● **Exercise details**
In the entries below, repeat only the lines between those holding "1. show.mustache 에 edit 버튼( a 태그) 를 추가한다." and "- Lót da bê", inclusive. Leave pictures out.

● **Excerpted records**
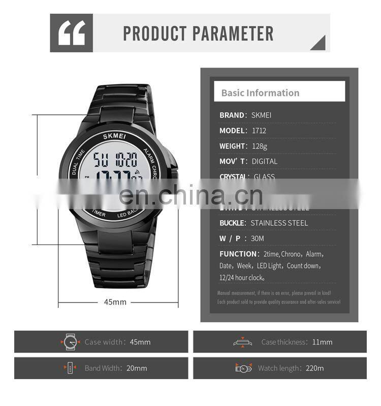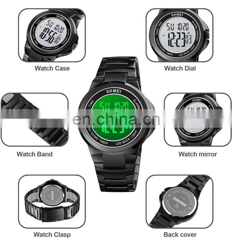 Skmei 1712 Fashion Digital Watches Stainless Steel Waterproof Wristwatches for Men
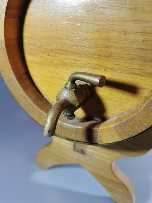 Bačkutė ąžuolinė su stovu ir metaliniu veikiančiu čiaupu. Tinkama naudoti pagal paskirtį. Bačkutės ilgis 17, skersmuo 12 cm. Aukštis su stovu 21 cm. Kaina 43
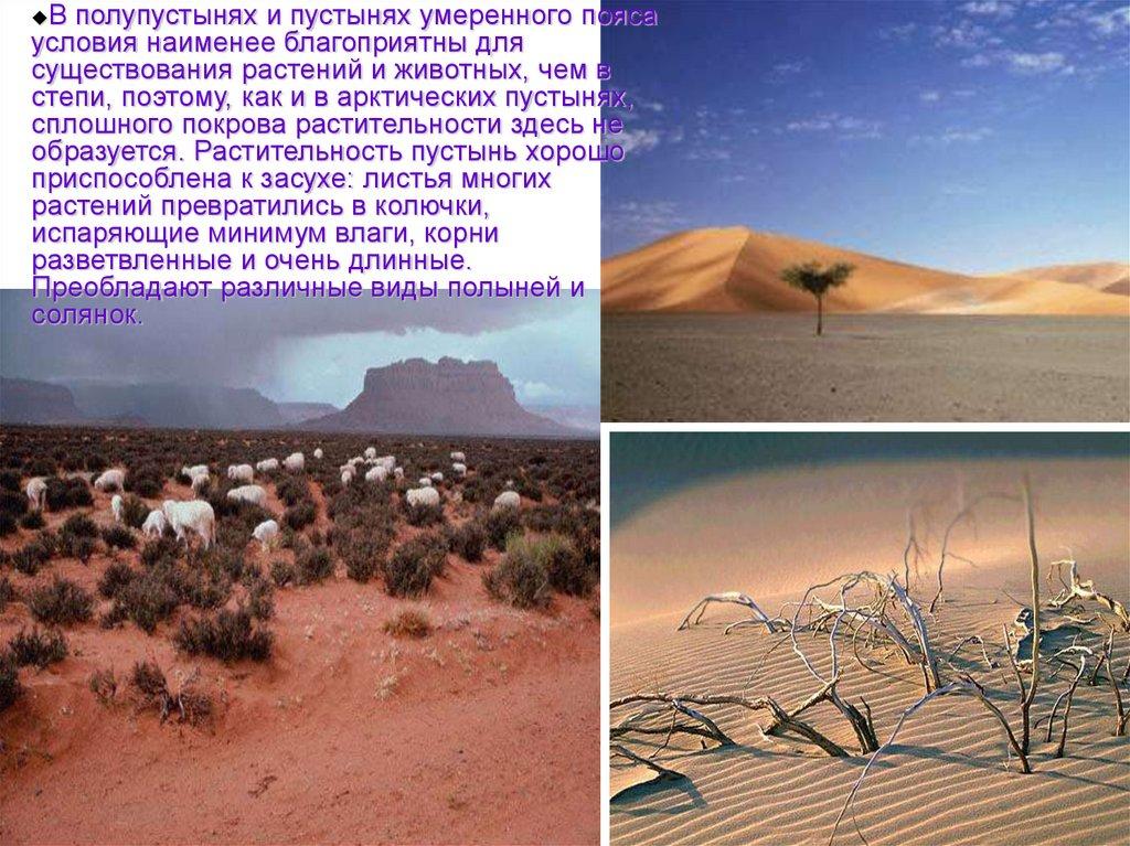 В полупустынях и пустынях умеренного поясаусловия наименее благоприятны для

* * *

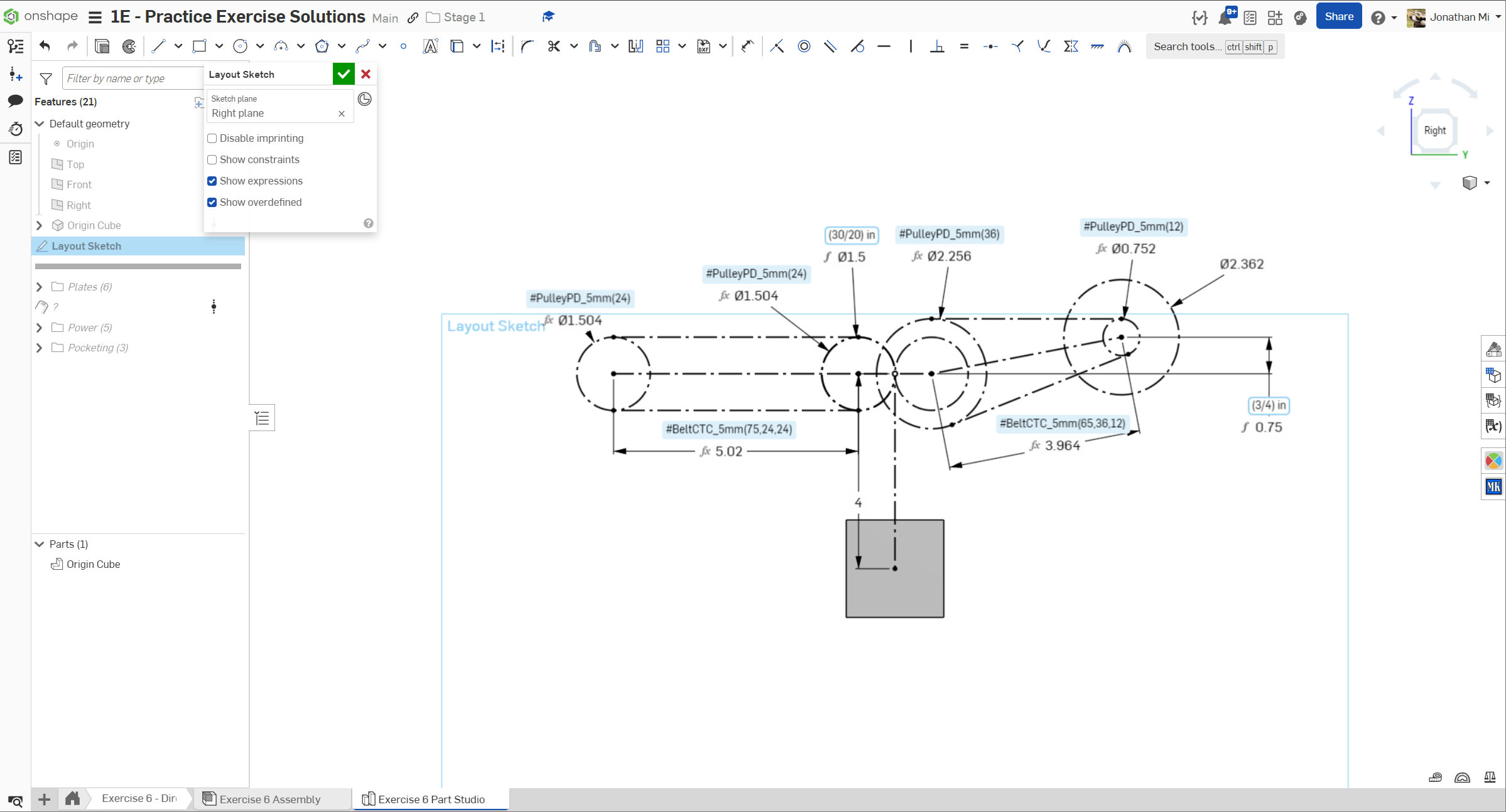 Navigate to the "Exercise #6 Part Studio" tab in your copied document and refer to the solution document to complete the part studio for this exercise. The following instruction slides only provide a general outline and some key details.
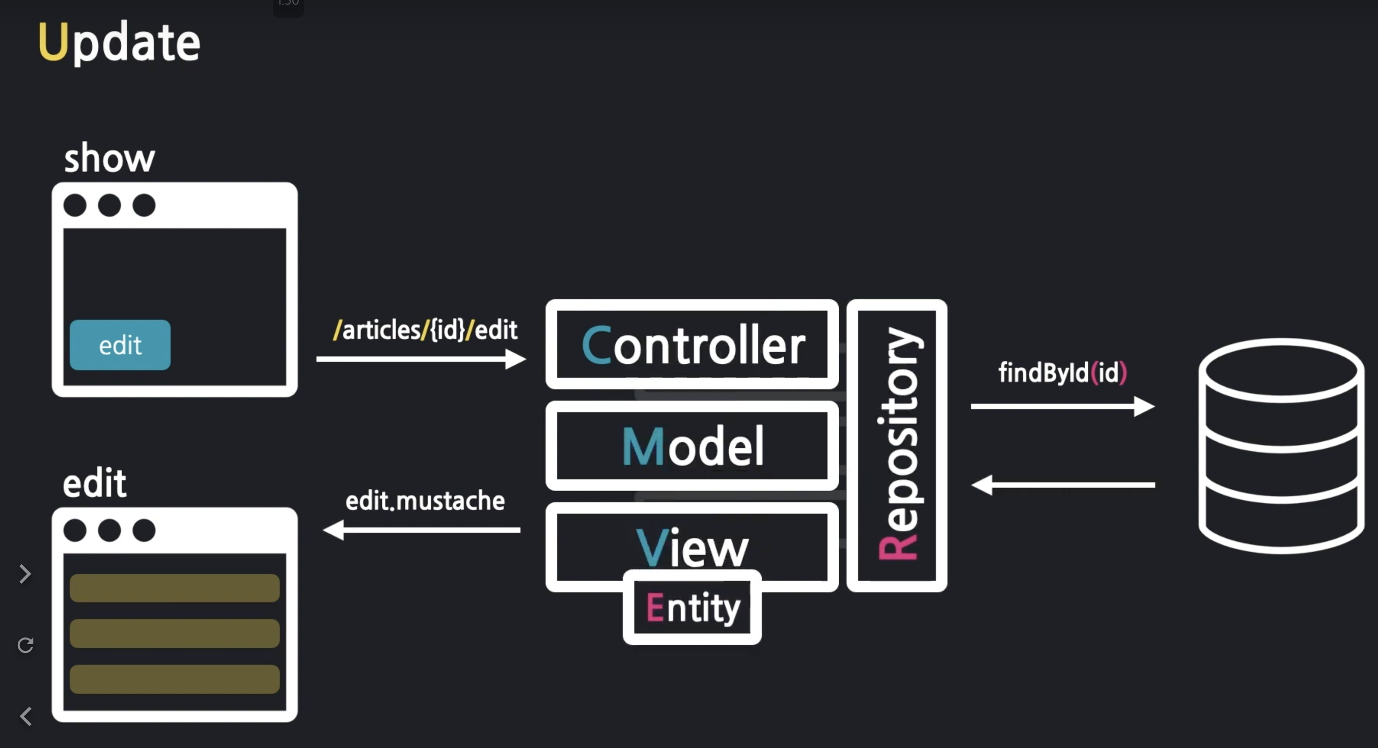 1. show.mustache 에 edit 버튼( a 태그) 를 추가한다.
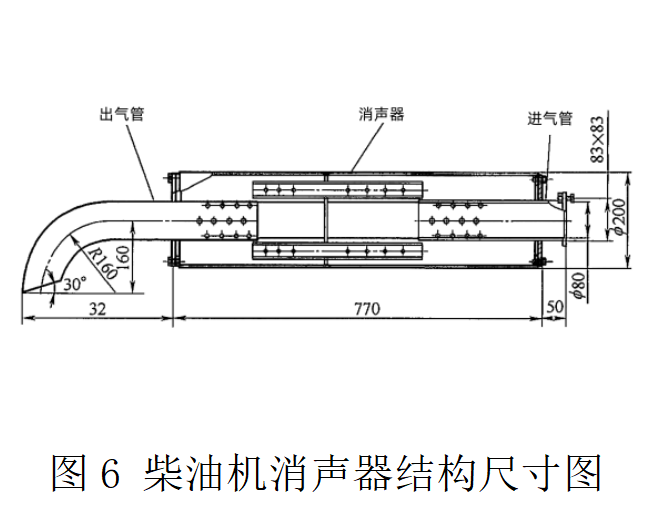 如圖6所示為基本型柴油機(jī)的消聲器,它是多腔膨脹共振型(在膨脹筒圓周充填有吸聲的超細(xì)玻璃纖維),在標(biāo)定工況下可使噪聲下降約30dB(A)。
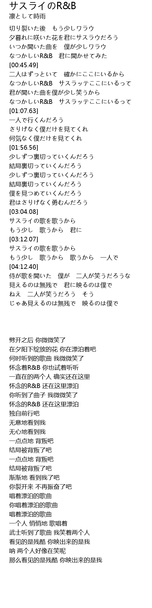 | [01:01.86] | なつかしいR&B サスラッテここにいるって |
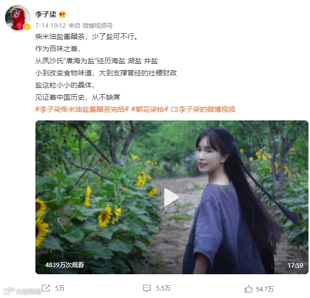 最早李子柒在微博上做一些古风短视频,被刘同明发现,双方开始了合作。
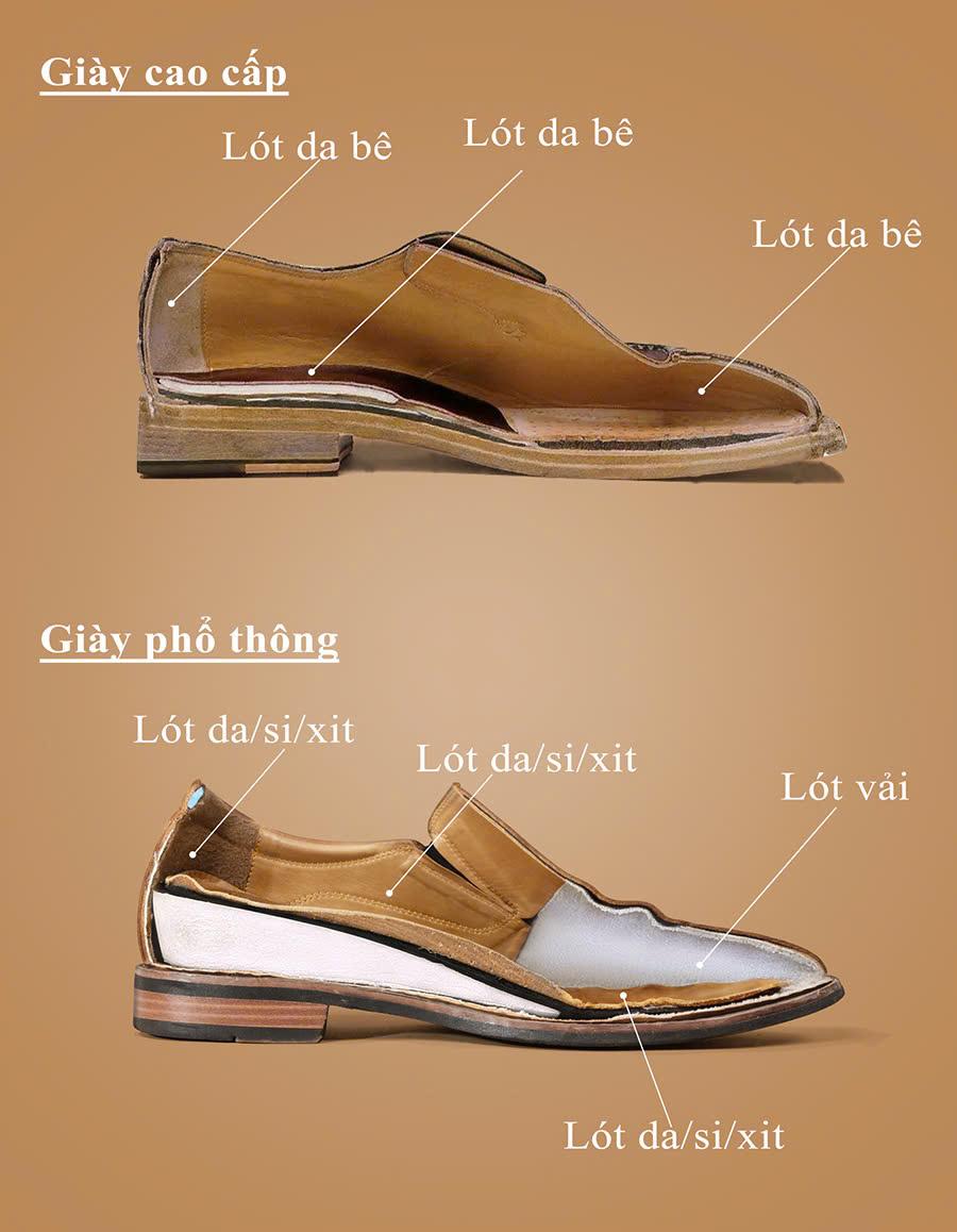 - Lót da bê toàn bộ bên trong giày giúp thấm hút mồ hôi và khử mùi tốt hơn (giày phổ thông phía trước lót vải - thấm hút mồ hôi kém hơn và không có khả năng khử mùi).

● **Written solution**
 1. show.mustache 에 edit 버튼( a 태그) 를 추가한다.
 如圖6所示為基本型柴油機(jī)的消聲器,它是多腔膨脹共振型(在膨脹筒圓周充填有吸聲的超細(xì)玻璃纖維),在標(biāo)定工況下可使噪聲下降約30dB(A)。
 | [01:01.86] | なつかしいR&B サスラッテここにいるって |
 最早李子柒在微博上做一些古风短视频,被刘同明发现,双方开始了合作。
 - Lót da bê toàn bộ bên trong giày giúp thấm hút mồ hôi và khử mùi tốt hơn (giày phổ thông phía trước lót vải - thấm hút mồ hôi kém hơn và không có khả năng khử mùi).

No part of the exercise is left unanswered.